TASK DESCRIPTION
Nothing but the pictures is dropped; write out all the remaining data below exactly.

GIVEN INFORMATION
§

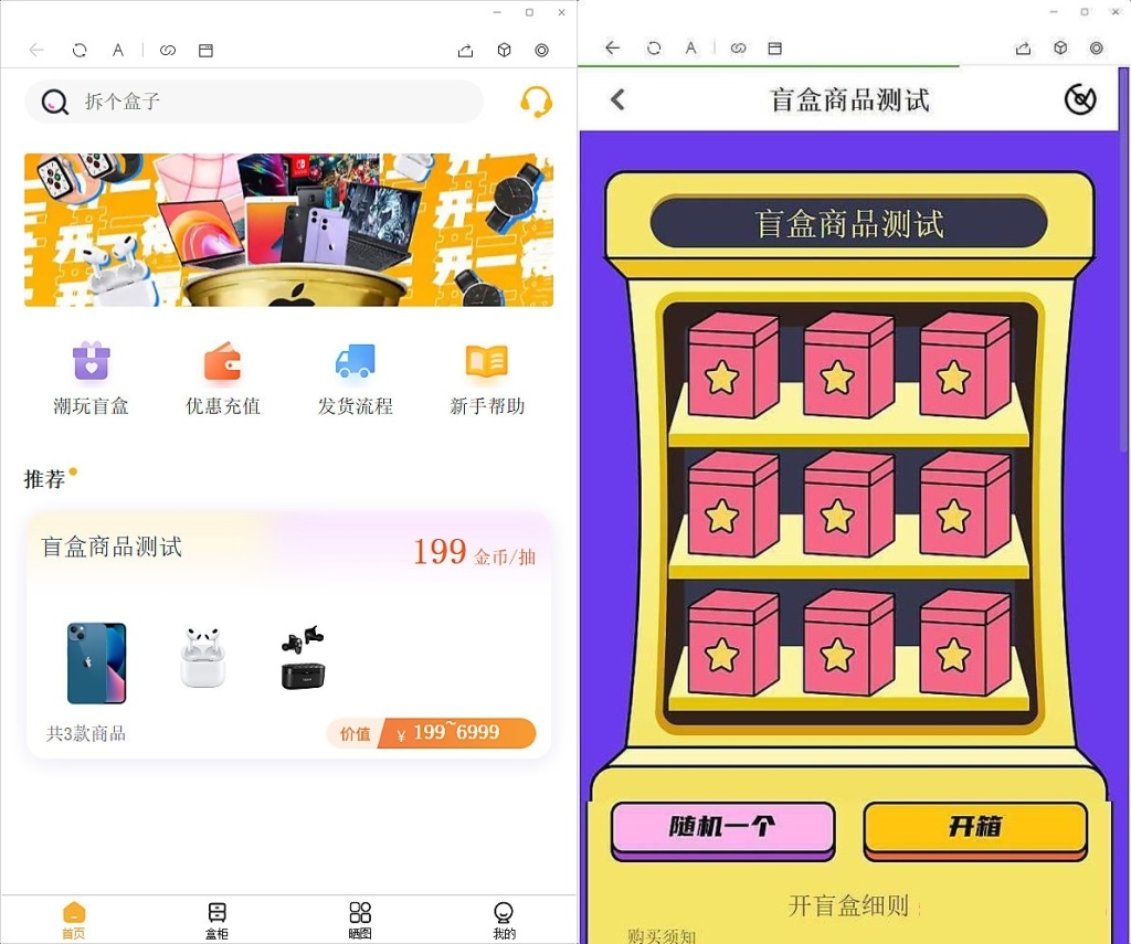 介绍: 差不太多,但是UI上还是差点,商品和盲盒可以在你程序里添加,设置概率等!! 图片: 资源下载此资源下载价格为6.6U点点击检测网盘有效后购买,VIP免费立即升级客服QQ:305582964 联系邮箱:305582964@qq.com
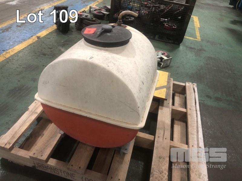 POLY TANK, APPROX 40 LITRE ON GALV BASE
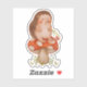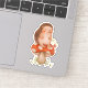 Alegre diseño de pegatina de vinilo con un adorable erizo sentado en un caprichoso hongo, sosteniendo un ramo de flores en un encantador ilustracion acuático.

§

REPLY
 介绍: 差不太多,但是UI上还是差点,商品和盲盒可以在你程序里添加,设置概率等!! 图片: 资源下载此资源下载价格为6.6U点点击检测网盘有效后购买,VIP免费立即升级客服QQ:305582964 联系邮箱:305582964@qq.com
 POLY TANK, APPROX 40 LITRE ON GALV BASE
 Alegre diseño de pegatina de vinilo con un adorable erizo sentado en un caprichoso hongo, sosteniendo un ramo de flores en un encantador ilustracion acuático.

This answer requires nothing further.